Here are a six of my favourite blogs which offer helpful material to help doing with study and research—and the organisation required to accomplish those things. I thought others might be interested; please share other blogs and websites you have found helpful in the comments.

  • Study Hacks is Cal Newport’s blog. He is the author of the superb books Deep Work and So Good They Can’t Ignore You, and teaches and researches in Computer Science at Georgetown University in Washington, DC. Cal is simply excellent at helping people think about research and writing, and I’ve benefitted enormously from his ideas about deliberate practice, making focused time for deep work, and much else.
  • Scott Young blogs about productivity in learning—he’s a fascinating man who has a wonderful curiosity about learning and study. He accelerated his learning to complete the full sequence of MIT’s computing courses online in a year! I’ve learned a lot from him, and been provoked to think harder about how I keep learning and growing as a researcher and scholar.
  • The Thesis Whisperer is a wonderful blog aimed at research students and those who supervise them, put together by Dr Inger Mewburn, who oversees training in research at the Australian National University. It’s full of thoughtful, practical wisdom, and I warmly recommend it to my research students.

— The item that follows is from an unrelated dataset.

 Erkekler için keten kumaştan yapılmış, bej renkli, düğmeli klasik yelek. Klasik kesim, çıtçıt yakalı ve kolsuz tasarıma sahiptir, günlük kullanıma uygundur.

  • Research Degree Voodoo is from the wonderful Katherine Firth, who advises on research at the University of Melbourne. Like the Thesis Whisperer, full of practical and wise advice on research, especially if you’re doing a postgraduate research degree.

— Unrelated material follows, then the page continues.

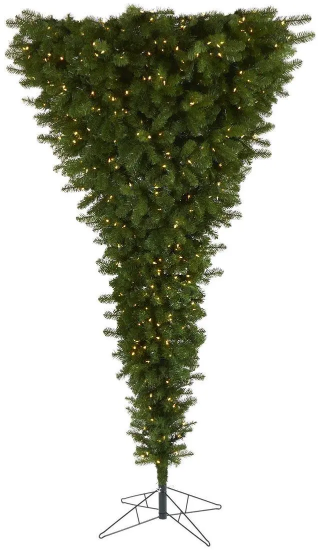Turn traditional holiday decor upside and opt for this non-so-traditional artificial upside down Christmas tree! Easy to set up and fun to decorate, this quirky Christmas tree boasts a traditional silhouette made up of 1747 easy-to-bend branches to showcase all your favorite holiday ornaments in a very unique way. Arriving pre-strung with 850 warm white (multifunction) LED lights to eliminate unsightly tangles and carefully stabilized on a metal stand, this creative 8' upside down artificial Christmas tree will undoubtedly be a popular focal point all throughout the holidays.

  • The Supervision Whisperers offers good input for research supervisors—and many students would benefit from reading it too! Inger Mewburn (of the Thesis Whisperer) and Dr Evonne Miller of  Queensland University of Technology c0-edit this and have quite a range of contributors. Deeply practical, thoughtful and a place to look for advice in supervision.
  • The LSE Impact blog comes out of the Social Sciences at the London School of Economics. There’s useful material here on research and its impact on wider society—and British academics will recognise the response to the REF ‘impact’ agenda. Recently, there have been more ‘how to’ blog posts on developing as a research and they’re generally helpful.

And for keeping track of the blogs, I use the wonderful Feedly, which allows me easily to add blogs I want to follow in my browser (in my case, Safari on my Mac—but it works in any browser because it’s a website), and also has apps for iOS for iPhone and iPad, as well as for Android—and that means if I’m on a bus or train, I can quickly catch up on what’s new. The free version lets me keep things for 30 days before removing them—and I reckon that if I haven’t read them in that time, I never will!